Where are the $100 bills?

The basic story of depression economics is that mass unemployment, especially when combined with disinflation, is a symptom of disequilibrium.

In technical terms, it is said that an excess demand for money or safe assets is necessarily counterbalanced via Walras Law by excess supply of labor and production capacity, which we see in the forms of excess unemployment and recession.

In lay terms, this kind of disequilibrium means there is a lot of money lying on the ground--profit opportunities that are simply not being exploited.  So, all we need to do to revive the economy is pick up those $100 bills.

Sounds easy.  So where are they?

They probably lie in investment opportunities that are not being exploited for a complex set of reasons, perhaps fear being chief among them.  With interest rates as low as they are, firms make nothing by sitting on cash, so $100 bills are lying where any profitable investment may be, no matter how small returns may be.

I see big profit opportunities in real estate, particularly in some parts of the country.  When I travel I like to look up real estate prices on zillow.com and compare them to rental rates on craigslist to get a feel for the local price to rent ratio.  While I haven't found a scientific way of doing this carefully, it is clear that these ratios are very attractive for buying in some cities.

The places that look best are low-to-moderate-income areas where home prices boomed and busted the most, like inland areas of California, Las Vegas, and some parts of Florida. In these places one can easily buy a home and rent it out for about 1/10 the purchase price.  If, going forward, both rent and prices increase with inflation, that's a 10% real return, which is phenomenal at any time, let alone when the next best opportunity is a precarious stock market or zero interest in the bank. Places that don't look so good for investment include San Francisco, New York (especially Manhattan), and wealthier areas of DC.

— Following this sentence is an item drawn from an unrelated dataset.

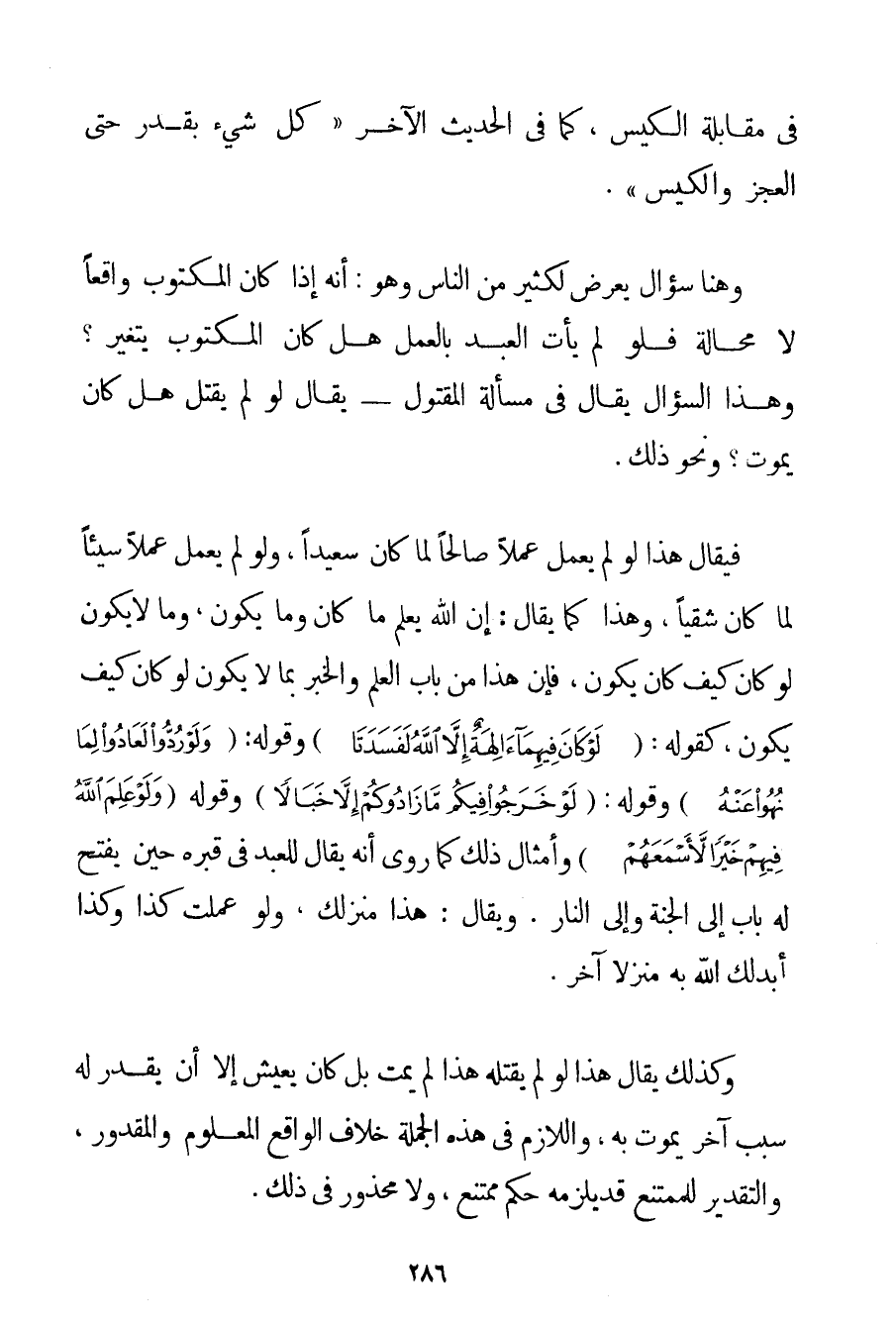 وَهُنَا سُؤَالٌ يَعْرِضُ لِكَثِيرِ مِنْ النَّاسِ وَهُوَ: أَنَّهُ إذَا كَانَ الْمَكْتُوبُ وَاقِعًا لَا مَحَالَةَ فَلَوْ لَمْ يَأْتِ الْعَبْدُ بِالْعَمَلِ هَلْ كَانَ الْمَكْتُوبُ يَتَغَيَّرُ؟ وَهَذَا السُّؤَالُ يُقَالُ فِي مَسْأَلَةِ الْمَقْتُولِ - يُقَالُ لَوْ لَمْ يُقْتَلْ هَلْ كَانَ يَمُوتُ؟ وَنَحْوُ ذَلِكَ. فَيُقَالُ هَذَا لَوْ لَمْ يَعْمَلْ عَمَلًا صَالِحًا لَمَا كَانَ سَعِيدًا وَلَوْ لَمْ يَعْمَلْ عَمَلًا سَيِّئًا لَمَا كَانَ شَقِيًّا وَهَذَا كَمَا يُقَالُ: إنَّ اللَّهَ يَعْلَمُ مَا كَانَ وَمَا يَكُونُ وَمَا لَا يَكُونُ لَوْ كَانَ كَيْفَ كَانَ يَكُونُ فَإِنَّ هَذَا مِنْ بَابِ الْعِلْمِ وَالْخَبَرِ بِمَا لَا يَكُونُ لَوْ كَانَ كَيْفَ يَكُونُ كَقَوْلِهِ: {لَوْ كَانَ فِيهِمَا آلِهَةٌ إلَّا اللَّهُ لَفَسَدَتَا} وَقَوْلِهِ: {وَلَوْ رُدُّوا لَعَادُوا لِمَا نُهُوا عَنْهُ} وَقَوْلِهِ: {لَوْ خَرَجُوا فِيكُمْ مَا زَادُوكُمْ إلَّا خَبَالًا} وَقَوْلِهِ {وَلَوْ عَلِمَ اللَّهُ فِيهِمْ خَيْرًا لَأَسْمَعَهُمْ} وَأَمْثَالِ ذَلِكَ كَمَا رُوِيَ أَنَّهُ يُقَالُ لِلْعَبْدِ فِي قَبْرِهِ حِينَ يُفْتَحُ لَهُ بَابٌ إلَى الْجَنَّةِ وَإِلَى النَّارِ. وَيُقَالُ: هَذَا مَنْزِلُك وَلَوْ عَمِلْت كَذَا وَكَذَا أَبْدَلَك اللَّهُ بِهِ مَنْزِلًا آخَرَ. وَكَذَلِكَ يُقَالُ هَذَا لَوْ لَمْ يَقْتُلْهُ هَذَا لَمْ يَمُتْ بَلْ كَانَ يَعِيشُ إلَّا أَنْ يُقَدَّرَ لَهُ سَبَبٌ آخَرُ يَمُوتُ بِهِ وَاللَّازِمُ فِي هَذِهِ الْجُمْلَةِ خِلَافُ الْوَاقِعِ الْمَعْلُومِ وَالْمَقْدُورِ وَالتَّقْدِيرُ لِلْمُمْتَنِعِ قَدْ يَلْزَمُهُ حُكْمٌ مُمْتَنِعٌ وَلَا مَحْذُورَ فِي ذَلِكَ.

I think this pattern fits what Paul Krugman has been saying about debt:  as credit has tightened, savers need to spend more to make up for spending cutbacks by debtors; otherwise GDP declines.  The savers generally tend to be wealthy, which can make it difficult for them to invest in lower income areas that are less familiar to them, but posses the investment opportunities.  And with investment opportunities scattered among zillions of modestly priced homes that need rehabilitation, upkeep and management, it can be a tough business to get into.  In contrast, locals in moderate-income areas could save a lot of money by buying rather than renting, but they can't because no one will lend to them.

It may sound crazy, but now is the time for subprime lending.

The obvious way for savers to invest in homes at an arms length is by lending to deeply indebted locals. To do this, one needs to step away from old credit models governed by FICO scores to find households that simply got burned in the crash but are likely worthy borrowers going forward.  For example, if some institution were to agree to lend to families walking away from current, deeply underwater mortgage so they could buy another, much less expensive home at today's prices, both the new lender and the current underwater homeowner would gain immensely.  I suspect that's a lot of people and a lot of free $100 bills.

Why isn't this happening already?  I suspect it's because most of the current lending institutions fear walkaways more than they are tempted by lending opportunities, and they fear that trying to exploit the opportunities would cause more walkaways.  So, for this to happen, it would take new lending institutions that are not currently holding a lot of underwater mortgages.  It would also require careful analysis to develop reasonable new lending criteria.

If this did happen, I think we'd start seeing a lot more mortgage write downs, short sales, and fewer foreclosures.  And with these things, higher home values in the most depressed areas, more consumer spending, more jobs, and broader economic recovery.

There must be other kinds of $100 bills lying around.  I see lots of public goods, like education, where the potential returns are phenomenal.  But here I'm wondering about $100 bills in private markets that simply aren't being picked up because the institutions that would normally help savers to exploit those opportunities are broken or don't exist.